What the exercise asks:
Only the lines below from the one with "o primeiro-ministro Han" through the one with "可爱卡通银色印花方块花朵波点散珠 diy手工串珠手机链材料配件" are to be written out, exactly and without any images.

Records from a dataset:
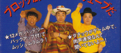 What's also weird is that there's apparently a Japanese comedy team called "Ostrich Club." I'm pretty sure that the tagline "Kiitenai yo!" has to be their trademark phrase. The trick to Japanese comedy is to latch onto some insipid catchphrase and repeat it ad nauseam and the viewers just think it's funny. Japanese viewers, that is. For the rest of us, we fail to find this sort of derivative "comedy" funny. The same goes for hitting each other on the head with squeaky rubber mallets. On the back of the box, you can see a picture of these three guys making the intergalactic sign of the ostrich. They appear in the game, too. Oh yay.
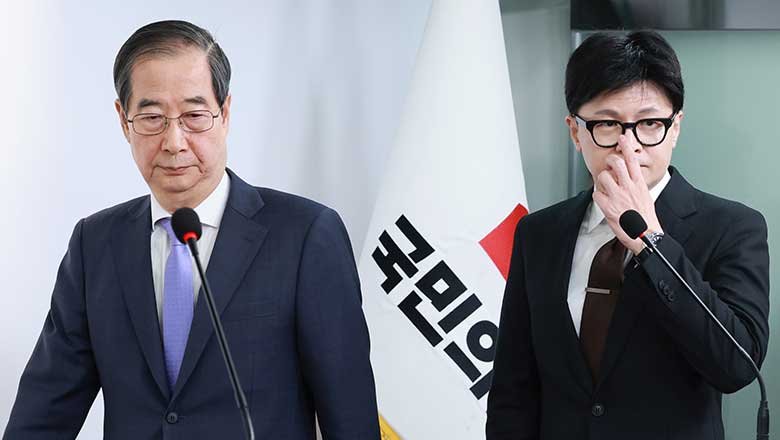 o primeiro-ministro Han Duck-soo e o líder do partido governista, Han Dong-hoon
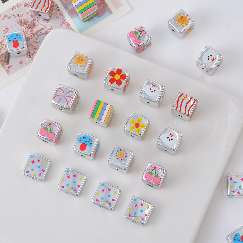 可爱卡通银色印花方块花朵波点散珠 diy手工串珠手机链材料配件
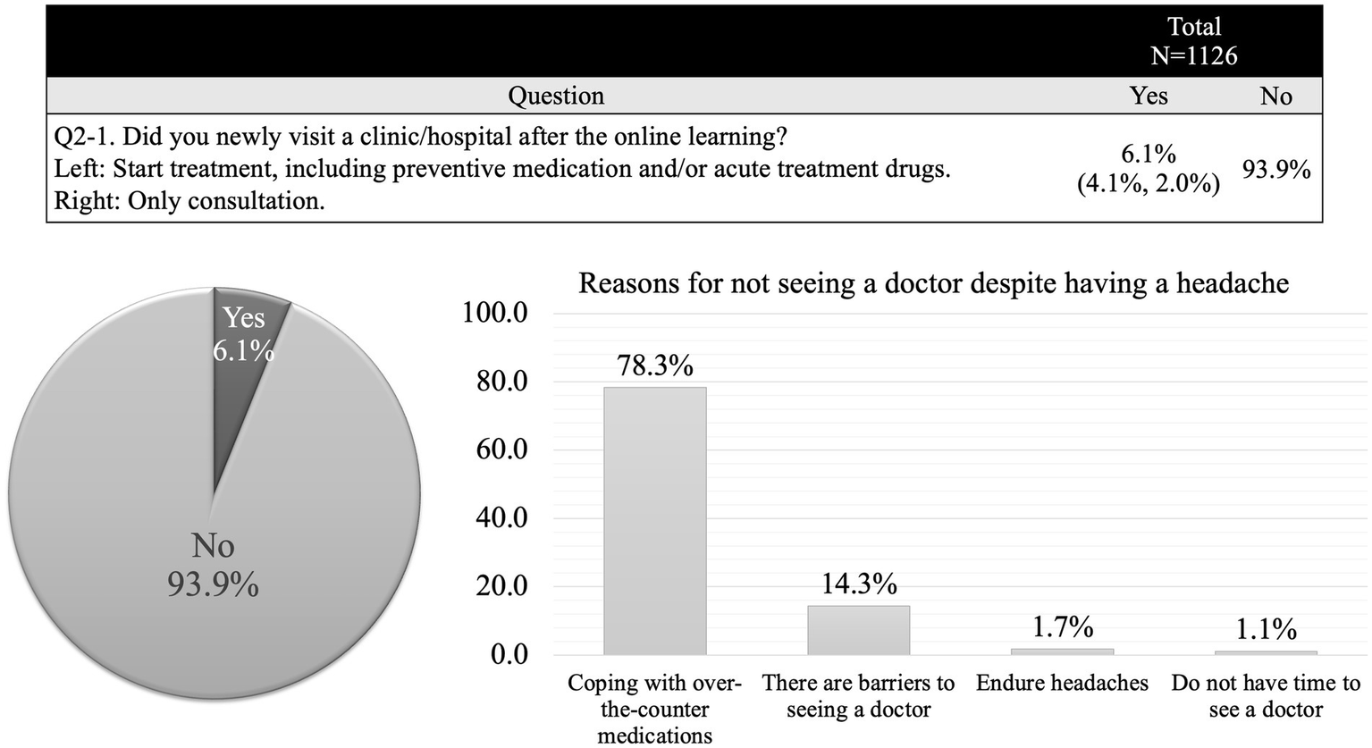 There are several limitations in this study. First, as the follow-up period was only 6 months and online video viewing was only performed for the first time, we believe that creating a system that provides more frequent e-learning over a long period is necessary. Second, the survey was conducted at in-house terminals. Because all employees had access to the terminals, there were no restrictions on accessing the questionnaire. However, as participation in the survey was voluntary, there was bias towards only those interested in headaches, particularly those who suffered from headaches. Therefore, we added questions about daily quality of life to encourage people without headaches to participate. However, even for medical professionals, the information does not reach those who are not interested in headaches. How to deal with this will be an issue for future research. Third, the exact number of individuals who had received preventive treatment before the first questionnaire is unknown. However, given that approximately 20% of participants visited medical institutions with headaches as their primary complaint and that 60% of non-physician staff were unaware of preventive treatments, the number of individuals receiving such treatment is expected to be low. Fourth, social desirability bias is presumed to exist. However, it has not been quantitatively assessed using the Marlowe-Crowne Social Desirability Scale or other methods. While anonymization is one approach to mitigating social desirability bias, in this study, it was essential to analyze the results of the first and second questionnaires together. Therefore, the data were collected without anonymization. Fifth, in this study, 805 participants responded to both the first and second surveys. While this can be interpreted as a positive trend for the group, the possibility that the analysis was insufficient in accounting for the temporal continuity of the data cannot be ruled out. Finally, this study did not include a control group and did not evaluate or compare the rate of behavioral change with or without online learning. Therefore, it does not precisely reflect the impact of a single online learning session. However, providing all employees with an opportunity to learn about headaches once, followed by a decrease in the frequency of painkiller use and an increase in first-time visits to a clinic/hospital, yielded highly valuable results.
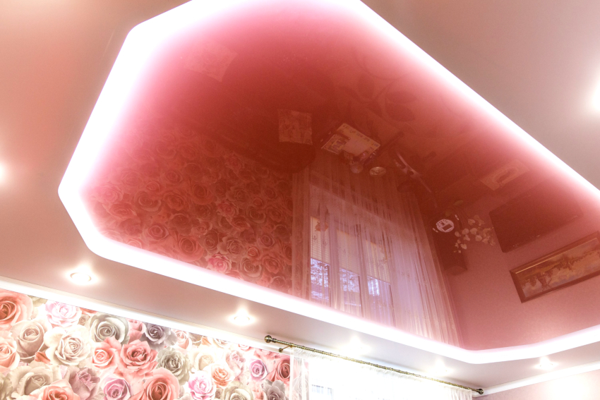 Кроме того, именно диодное освещение потребляет минимальное количество электроэнергии. Некоторые дизайнеры вместе с глянцевыми потолками предпочитают устанавливать диодные ленты, которыми можно оконтурить форму натяжного полотна и добавить поверхности объема за счет особого освещения.

Written reply:
 o primeiro-ministro Han Duck-soo e o líder do partido governista, Han Dong-hoon
 可爱卡通银色印花方块花朵波点散珠 diy手工串珠手机链材料配件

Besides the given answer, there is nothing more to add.